Tracking decision model runs: an OR-Tools region allocation example in Python

Record your assignment model runs, results, input data, and more in Nextmv. Add a few lines of code to your existing model to track every run and easily share data with your teammates.

Which areas should local hospitals serve? Which delivery zones should be assigned to certain warehouses? The answers to these questions are found with region allocation models. Region allocation is an optimization problem used for assigning distribution centers, service centers, hospitals, retail locations, and more to specific regions based on demand, capacity, and other factors. 

In this blog post, we’ll look at an OR-Tools region allocation model in Python. Given a set of regions with certain demands and a set of hubs with certain capacities, the goal is to assign each region to a hub such that the total demand of the regions assigned to a hub does not exceed the hub's capacity. The objective is to keep the regions as close to their assigned hub as possible.

If you’re building a model like this, you’ll want to share results with teammates and stakeholders, keep track of input data for easy access, and generally create a ledger of model runs to track model performance. In an earlier post, we covered how to track external model runs from a notebook. In this post, we’ll look at tracking model runs from a model written in a standard Python file. This process is also available as a video demo.

Tutorial: tracking external model runs from a Python file

We’re going to use an example from our community apps repo, but you can follow the same instructions and add the code in the steps below to track your own model’s runs.

First, sign up for a free Nextmv account and follow the prompt to create and name your first workspace. Then, click “Go to next step.”

Getting started module in the Nextmv UI

You can skip through the rest of the prompts by clicking the x in the top right of the prompt, as the tutorial in this post will walk you through a similar experience. 

Add your model in the Nextmv UI

If you already have an account, log in and create a new custom app by going to “Apps & Workflows” and creating a “New custom app” in the upper right corner and naming your app.

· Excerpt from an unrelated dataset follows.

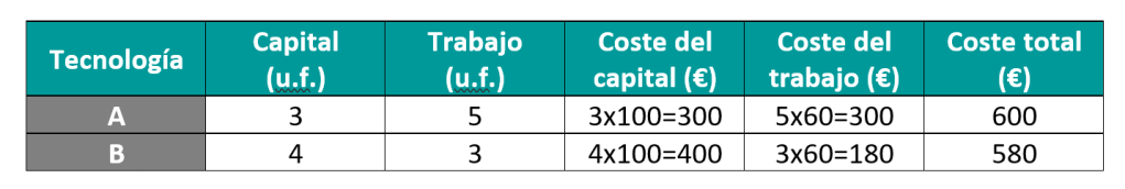 Siguiendo con el ejemplo, si suponemos que el precio del capital es de 100 € al día por máquina y que el precio del factor trabajo es de 60 € al día por trabajador, el coste de cada una de las tecnologías aparece expresado en la tabla siguiente:

Apps + Workflows page in the Nextmv UI
Creating new custom app in the Nextmv UI

After you’ve created the app, you can exit the prompt by clicking “Skip” at the bottom of the window.

Connecting existing model in the Nextmv UI

Next, copy the files from this GitHub repo or use the following Nextmv CLI command. The folder includes a main.py (where the model code lives), input.json (sample input data for the model), and a requirements.txt.

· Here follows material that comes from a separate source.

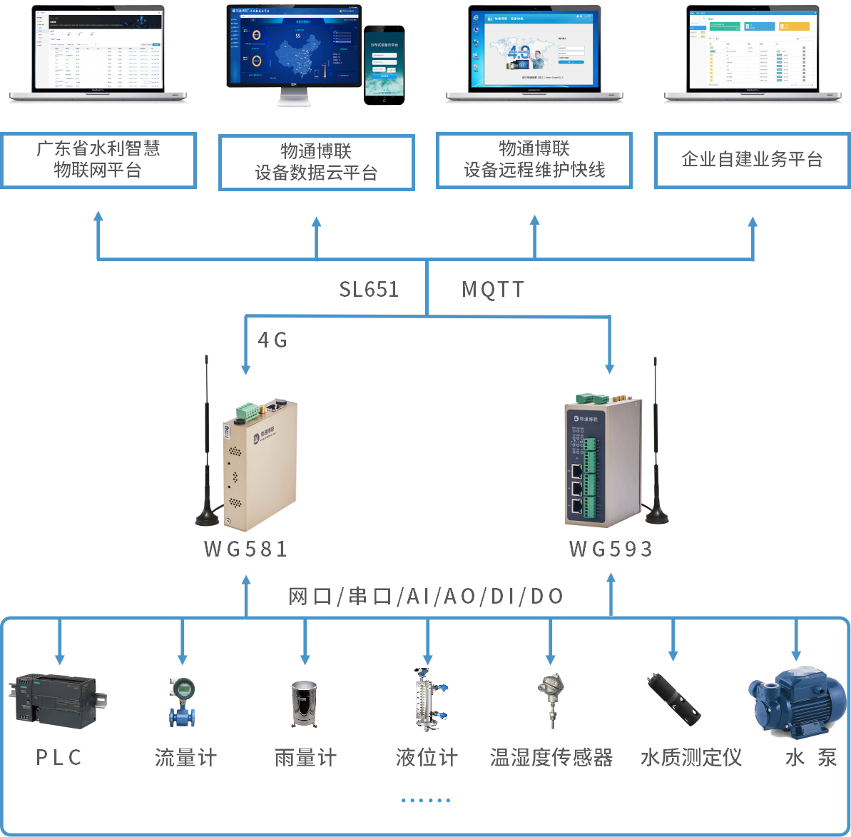顺利获得777盛世国际工业智能网关采集PLC、流量计、温湿度传感器、雨量计、液位计等等相关设备数据,将流量、流速、水位、水深、温度、湿度、水压等等数据顺利获得边缘计算、数据标准化后以4G/WIFI等网络方式顺利获得MQTT/SL651等协议传输到广东省水利智慧物联网平台或者企业自建业务平台。

nextmv community clone -a python-tr-ortools-region-allocation

Install the requirements from the text file. 

pip3 install -r requirements.txt

In the Nextmv UI, find and copy your app ID.

Finding app ID in the Nextmv UI

Then find and copy your API key (Under Settings >> API Keys).

Finding API key in the Nextmv UI

Export them to connect to your Nextmv account:

export NEXTMV_API_KEY=your_api_key
export NEXTMV_APP_ID=your_app_id

Open the main.py file. You won’t need to make any changes, but you’ll notice two sections that pertain to Nextmv. The rest is purely a Python OR-Tools model. These are the two pieces of code that you’ll add to your own model to track runs.

The first is importing Nextmv and Nextmv Cloud.

import nextmv
import nextmv.cloud

The second is the code that will send your run data to your Nextmv account.

# >>> POST TRACKED RUN TO NEXTMV PLATFORM    
client = nextmv.cloud.Client(api_key=os.environ.get("NEXTMV_API_KEY"))    
app = nextmv.cloud.Application(client=client, id=os.environ.get("NEXTMV_APP_ID"))    
tracked_result = app.track_run_with_result(        
	tracked_run=nextmv.cloud.TrackedRun(            
		input=input_data,            
		output=output_data,            
		duration=nextmv.cloud.run_duration(                
			start=before,                
			end=time.time(),
		),            
		status=nextmv.cloud.StatusV2.succeeded,            
		error=None,            
		logs="Hello Nextmv!",
	),    
)    
nextmv.log(f"Tracked run: {tracked_result.id}")    
nextmv.log(f"Tracked run URL: {tracked_result.console_url}")

Now let’s run the Python file locally.

python3 main.py -input input.json -output output.json

An output will be returned that looks like this: 

Tracked run: devint-rMu5TblNR
Tracked run URL: https://cloud.nextmv.io/app/or-tools-region-allocation/run/devint-rMu5TblNR?view=details

Success! You can now see the tracked run in the Nextmv UI! You can navigate to the link in the output, or open up your app in your Nextmv account, find “Recent Runs” and click on the new Run ID. 

App details in the Nextmv UI

Once you click on the Run ID, you’ll see the run details with info such as date/time, duration, and status.

Next, you can select “Input” to see a table or raw view of the input data used for that run.

Run input in the Nextmv UI

Clicking the “Result” tab will give you the option to review your plan in a table view or as a raw file. For this example, we can see the hub assignments. 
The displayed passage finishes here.